→ Task to carry out
Please repeat the data exactly. Any picture in it stays out.

→ Source data
== Segment start ==
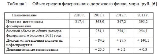 . Дорожные фонды: Бюджетный кодекс РФ от 30.11.2011 № 361-ФЗ // СПС «Консультант Плюс». - 2011. - № 68. - Ст. 179.4.
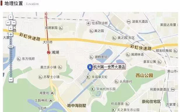 地址:杭州萧山区风情大道2555号交通路线:地铁1号线(湘湖方向)→湘湖站(C口)出站→步行至湘湖公交站(乘坐712路)→杭州乐园北广场站下车→步行150米至第一世界大酒店
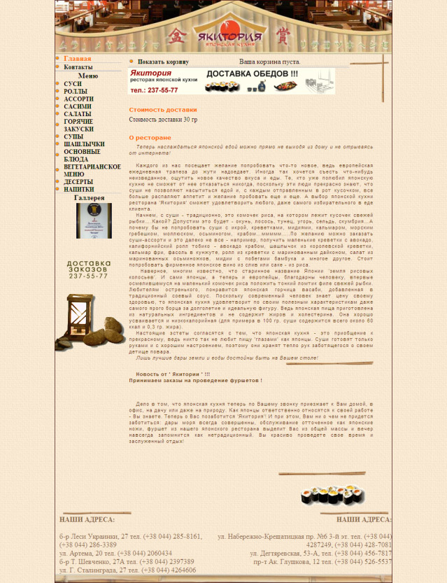 www.yakitoriya.com.uaЯпонська кухня - це не просто данина моді, це вроджене почуття прекрасного, адже ніхто так не любить їжу «очима», як японці. «Якіторію» обирають ті, хто цінує смак справжніх, правильно приготовлених суші та знає ціну своєму здоров'ю. Демократичність закладу лише підвищує його популярність серед любителів японської кухні. Тепер ваші улюблені страви японської кухні Ви можете замовити прямо із сайту!
== Segment end ==
→ Response box
 . Дорожные фонды: Бюджетный кодекс РФ от 30.11.2011 № 361-ФЗ // СПС «Консультант Плюс». - 2011. - № 68. - Ст. 179.4.
 地址:杭州萧山区风情大道2555号交通路线:地铁1号线(湘湖方向)→湘湖站(C口)出站→步行至湘湖公交站(乘坐712路)→杭州乐园北广场站下车→步行150米至第一世界大酒店
 www.yakitoriya.com.uaЯпонська кухня - це не просто данина моді, це вроджене почуття прекрасного, адже ніхто так не любить їжу «очима», як японці. «Якіторію» обирають ті, хто цінує смак справжніх, правильно приготовлених суші та знає ціну своєму здоров'ю. Демократичність закладу лише підвищує його популярність серед любителів японської кухні. Тепер ваші улюблені страви японської кухні Ви можете замовити прямо із сайту!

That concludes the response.